AIMS Amniotic membrane (AM) transplantation reduces inflammation in a variety of ocular surface disorders. The aim of this study was to determine if AM stroma suppresses the expression of the IL-1 gene family in cultured human corneal limbal epithelial cells.

METHODS Human corneal limbal epithelial cells were cultured from limbocorneal explants of donor eyes on plastic or on the AM stroma. Transcript expression of IL-1α, IL-1β, IL-1 receptor antagonist (RA), and GAPDH was compared with or without addition of lipopolysaccharide to their serum-free media for 24 hours using RNAse protection assay (RPA). Their protein production in the supernatant was analysed by ELISA.
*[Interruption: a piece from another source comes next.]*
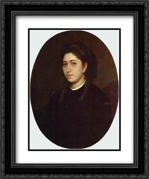 Portrait of a Young Woman Dressed in Black Velvet 20x24 Black Ornate Wood Framed Art Print Poster with Double Matting by Kramskoi, Ivan Nikolaevich
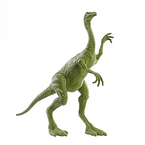 The Mattel Jurassic World Camp Cretaceous Fierce Force Gallimimus action figure stands 7 inches tall with movable joints and a single-strike motion feature. Designed with realistic sculpting and authentic paint, it offers dynamic play for kids 3 and up. Compatible with the Jurassic World Facts app, it enhances learning with interactive AR experiences.

RESULTS Expression of IL-1α and IL-1β transcripts and proteins was significantly reduced by cells cultured on the AM stromal matrix compared with plastic cultures whether lipopolysaccharide was added or not. Moreover, expression of IL-1 RA by cells cultured in the lipopolysaccharide-free medium was upregulated by AM stromal matrix. The ratio between IL-1 RA and IL-1α protein levels in AM cultures was higher than in plastic cultures.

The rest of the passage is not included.